Dr. Arnold Barnett, of the Massachusetts Institute of Technology, compared the number of front-page stories in The New York Times that addressed six major sources of death: AIDS, automobiles, cancer, homicide, suicide, and commercial jets. Over a period of a year, stories about airline accidents far outnumbered stories about any of the other five sources of death. In fact, when considering coverage on a per-death basis, the number of airline stories was sixty times the number of stories on AIDS, and over eight thousand times the number of stories about cancer, the nation's number two killer.

Airline accidents are certainly dramatic and newsworthy, and the media serves an important function of keeping the public eye on the industry's safety concerns.
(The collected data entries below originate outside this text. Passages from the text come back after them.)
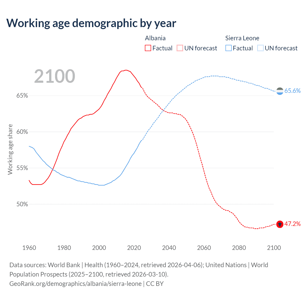 - Albania has 1.55M working age adults (aged 15-64) vs 5.31M in Sierra Leone.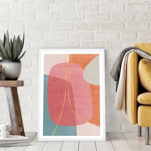 Plagát v bielom ráme - Pastelová kompozícia so zlatou niťou - 50x40 cm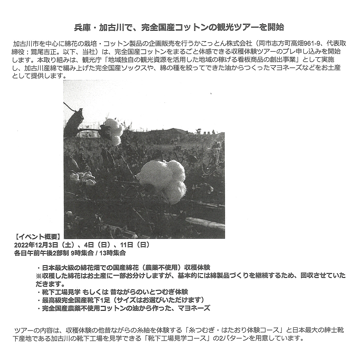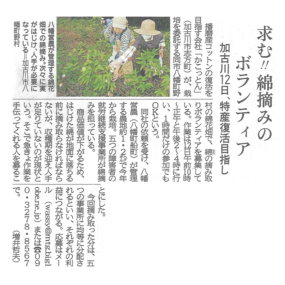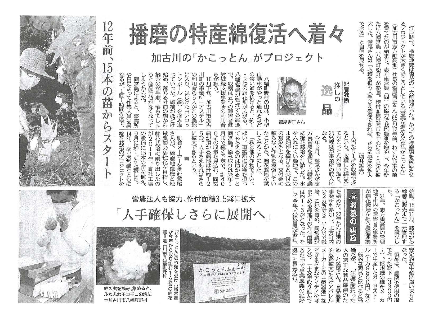 加古川を中心に2011年より綿花栽培に取り組んでいます、エシカルでサステナブルな仕組み作りで地方創生を実践し新たな産業を興したいと考えております。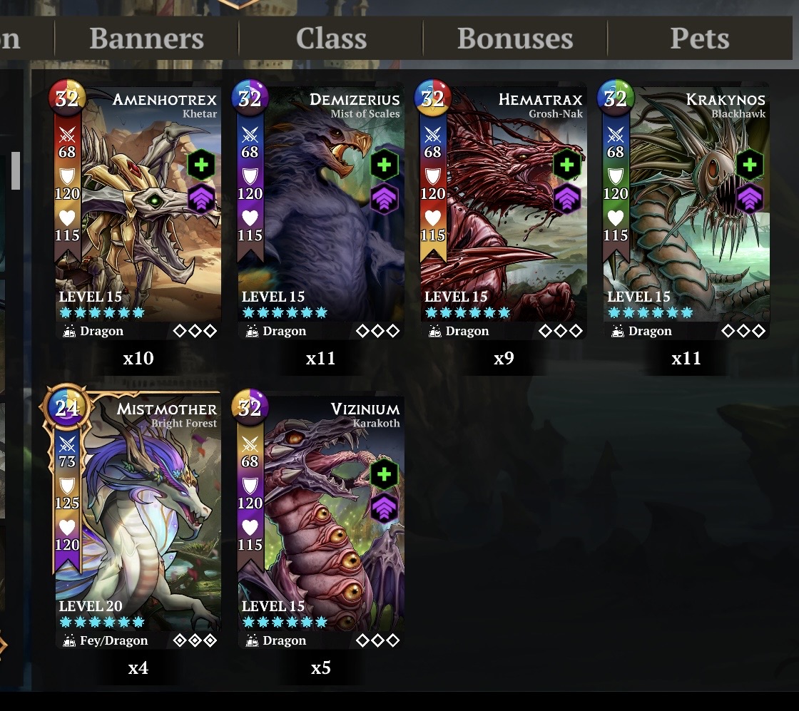 And the final dragon, Pandemonia is a huge letdown tbh. Amazing artwork, but there is absolutely no reason to use him over Stellarix or Chrysantherax. Virizium is the âRealâ final dragon, and itâs like OkraâNos summoned forth his master from hell to give us all nightmares.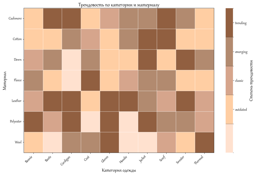 В последнюю очередь я захотела посмотреть, товары, сделанные из каких материалов, сейчас считаются трендовыми, а какие — устаревшими. С помощью данной таблицы можно заметить, что больше всего трендовых изделий сделаны из полиэстера и кожи, а больше всего устаревшей одежды из хлопка и флиса. Также можно сказать, что больше всего вещей, сделанных из кашемира относятся к недавно появившимся товарам, а к классике чаще всего относят одежду из кожи.

However, this kind of frequent reporting skews our sense of relative danger. We tend to associate greater exposure to a problem with our sense of how serious the problem is. It is not so much the number of people killed by a particular source that can produce our vicarious trauma. If that were true, few of us would feel safe enough to travel by car. But the greater the number of times we draw our attention to the graphic image of those deaths, and the greater the number of times we imagine ourselves involved in that event, then the stronger our chances of becoming uncomfortable.

4. It is harder to gradually face your fears of flying.

We know from over twenty-five years of behavioral research that gradual exposure to fearful situations is a highly successful treatment. You can design a program for yourself that takes you through stages of exposure to components of flying: studying about the industry, visiting airports, talking with pilots, boarding stationary planes, practicing visualizations of comfortable flight. But the step between these practices and boarding a regular commercial flight is a large one. For those who have become phobic of flying and no longer travel by plane, this step requires significant courage.

5. Repetition of practice is crucial, but it's costly.

We also know that you continue to increase your comfort by continuing to practice facing your fears. If too much time passes between practices, the mind has a tendency to wander back to the fearful experiences and forget the successes. I recommend that my clients take at least one flight every three months to practice their skills during their first year after treatment. But with ticket prices for even short trips costing close to $200, this can be so expensive that people fail to reinforce their gains through practice.